The study has several strengths. First, we used compulsory administrative data to identify our study cohorts, which avoids possible volunteer or selection bias. Second, patients in the COPD group of the present study were meticulously matched with individuals without COPD, thereby minimizing possible confounding or bias that may affect other observational studies. Third, the sample of the present study was large and nationwide, increasing the generalizability of the present findings. We believe the effect of the large sample size of the present study may overcome some of the confounding factors caused by minor issues, such as code misclassification and minor differences between the two cohorts or use of medications that effect bone metabolism. Fourth, we excluded patients with fractures that occurred within the first year of COPD diagnosis, which may have been caused by other factors as the time was too short for COPD to have affected bone metabolism.

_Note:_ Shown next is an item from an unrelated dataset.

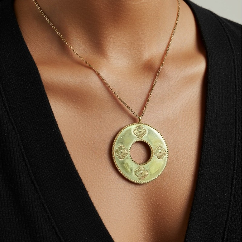 مزينة بأربعة نقوش زخرفية حول الحافة الخارجية، تُبرز القلادة تصميماً دقيقاً مستوحى من الأزهار أو أشعة الشمس. كما أن الإطار المحيط بالقلادة والمزخرف بشكل خرزي يضفي ملمساً إضافياً وعمقاً بصرياً يعزز من جاذبيتها.
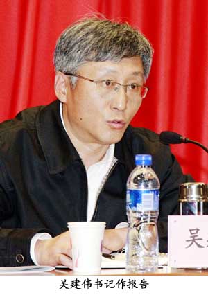 黨委書記吳建偉以《鞏固成果,務(wù)實(shí)創(chuàng)新,為學(xué)校科學(xué)發(fā)展提供堅(jiān)強(qiáng)保障》為題,作了學(xué)校黨建和思想政治工作報(bào)告。報(bào)告總結(jié)了2007年以來學(xué)校黨建和思想政治工作取得的成就,并對(duì)當(dāng)前和今后一個(gè)時(shí)期學(xué)校黨的建設(shè)和思想政治工作提出了三項(xiàng)要求:第一,要統(tǒng)一思想、提高認(rèn)識(shí),增強(qiáng)做好高校黨建工作的緊迫感和責(zé)任感。要把握和用好重大戰(zhàn)略機(jī)遇期,推動(dòng)高等教育科學(xué)發(fā)展,加快建設(shè)中國(guó)特色現(xiàn)代高等教育體系,應(yīng)對(duì)意識(shí)形態(tài)和思想文化領(lǐng)域的新挑戰(zhàn),維護(hù)高校和諧穩(wěn)定的大好局面。第二,要圍繞學(xué)校中心任務(wù)加強(qiáng)黨的建設(shè),為學(xué)校科學(xué)發(fā)展提供堅(jiān)強(qiáng)有力的保障。要堅(jiān)持以社會(huì)主義辦學(xué)方向?yàn)楦尽⒁蕴岣哔|(zhì)量為核心、以改革創(chuàng)新為動(dòng)力、以維護(hù)穩(wěn)定大局為前提、以馬克思主義為主導(dǎo)、以優(yōu)良黨風(fēng)為引領(lǐng)。第三,要貫徹落實(shí)新修訂的《中國(guó)共產(chǎn)黨普通高等學(xué)校基層組織工作條例》,不斷提高學(xué)校黨組織建設(shè)科學(xué)化水平。在推進(jìn)用馬克思主義中國(guó)化最新成果武裝頭腦、指導(dǎo)教學(xué)科研實(shí)踐上、在加強(qiáng)學(xué)校領(lǐng)導(dǎo)班子和干部隊(duì)伍建設(shè)上、在發(fā)揮學(xué)校基層黨組織戰(zhàn)斗堡壘和黨員先鋒模范作用上、在繼續(xù)推進(jìn)創(chuàng)先爭(zhēng)優(yōu)活動(dòng)上、在以優(yōu)良黨風(fēng)促校風(fēng)帶學(xué)風(fēng)上、在加強(qiáng)和改進(jìn)師生員工思想政治教育上、在營(yíng)造學(xué)校改革發(fā)展良好氛圍上取得新成效。

In conclusion, the present large-scale longitudinal study conducted in the Asia-pacific region found an association between OTPF in COPD patients. Among patients with COPD, the risk of fractures was significantly increased in female patients, and those with a diagnosis of osteoporosis, or those who require vitamin D prescription indicating risk for osteoporosis. These results indicate the importance of fall prevention and osteoporosis treatment in patients with COPD. Further prospective cohort studies are required to confirm the causal relationship between COPD and OTPF.